- _Your goal_: When you transcribe the lines below, keep every word the same and leave the pictures behind.

- _Recorded data_:
-- Opening Marker --
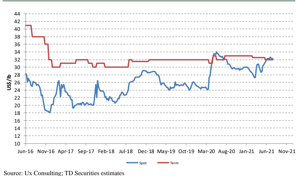
Exhibit 1. Spot and Term Uranium Prices

In previous quarters, management has indicated that "it continues to have a large volume of off-market discussions with utilities regarding additional contracting activity". This quarter, the wording changed to "negotiations continue on the business opportunities remaining in our pipeline", which sounds a little less optimistic about the pace of future contracting activity. However, management clarified on its conference call that it expects to continue a high level of contracting activity.
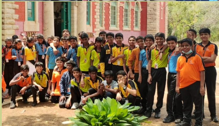
Students from various schools visited ICFRE-IFGTB, Coimbatore
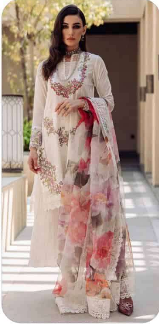
D.No | 202 A
-- Closing Marker --
- _Answer section_:
Exhibit 1. Spot and Term Uranium Prices

In previous quarters, management has indicated that "it continues to have a large volume of off-market discussions with utilities regarding additional contracting activity". This quarter, the wording changed to "negotiations continue on the business opportunities remaining in our pipeline", which sounds a little less optimistic about the pace of future contracting activity. However, management clarified on its conference call that it expects to continue a high level of contracting activity.
Students from various schools visited ICFRE-IFGTB, Coimbatore
D.No | 202 A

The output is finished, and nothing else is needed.